The evidence is overwhelming. Jose Lantigua's life insurance policy, supposedly worth $6 million, was forged by Lantigua. He really had only about $38,000.
Jose Lantigua and Daphne Simpson eventually both pleaded guilty. He's convicted of conspiracy and bank fraud. The judge sentenced him to 14 years in prison.
"I think it was well-deserved, he will be in his 70s when he gets out of prison," said Devereaux. "He's basically made a decision, he's made a bed, he's going to have to sleep in it."
And Daphne faced up to five years in jail for conspiracy. She wound up serving 17 months. But even while sitting in the slammer, Jose still had her under his spell.
"My family hired a lawyer to defend me and I sat with him for three hours and I told him everything, and he kept telling me, he said, 'Daphne, that was all a lie, you were duped,'" said Daphne. "And I was like, 'No! It's the truth and you'll see because the government's going to expose it and tell the truth because it's all the truth!'"
"She was in there for months and believed wholeheartedly that her husband was telling the truth, and she was waiting every day for the CIA to come and fix it all," said Devereaux.
Even though she served her time, Daphne remains under house arrest and must wear an ankle bracelet for the next three months.
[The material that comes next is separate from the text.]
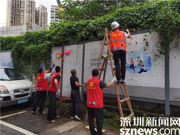 8月12日下午,木棉嶺社區(qū)與中建八局棚改項目黨支部共同組織黨員及志愿者近20人,針對棚改二線路地段的公益廣告圍擋遮擋物進行整治清理。活動中,大家在悶熱潮濕的梅雨天氣中,秉承著不怕臟不怕累的精神,充分發(fā)揮黨員先鋒模范作用,即使被蚊蟲叮咬也沒有絲毫影響積極性。男同志負責剪雜草、砍樹枝,女同志緊隨其后收拾殘枝樹葉,配合默契,經過近兩個小時的清理和保潔,棚改二線路沿路程的公益廣告圍擋光潔如新。

She can leave only to go to church. She hopes to find a job."
So she can somehow pay back the $871,000 Jose Lantigua collected in insurance money.
"Before she met Jose, my mom had a house, she had a home, she had vehicles, she had a career, she had her life together, so now she has nothing," said Daphne's daughter Desiree.
Daphne is filing for divorce and refuses to answer the dozens of letters Jose Lantigua has written her from jail.
"To lie to his wife as he did, that's nothing but cruel and barbaric what he did, because he turned her from being a person of good character to a person that's going to die as a felon," said Assistant U.S. Attorney Mark Devereaux.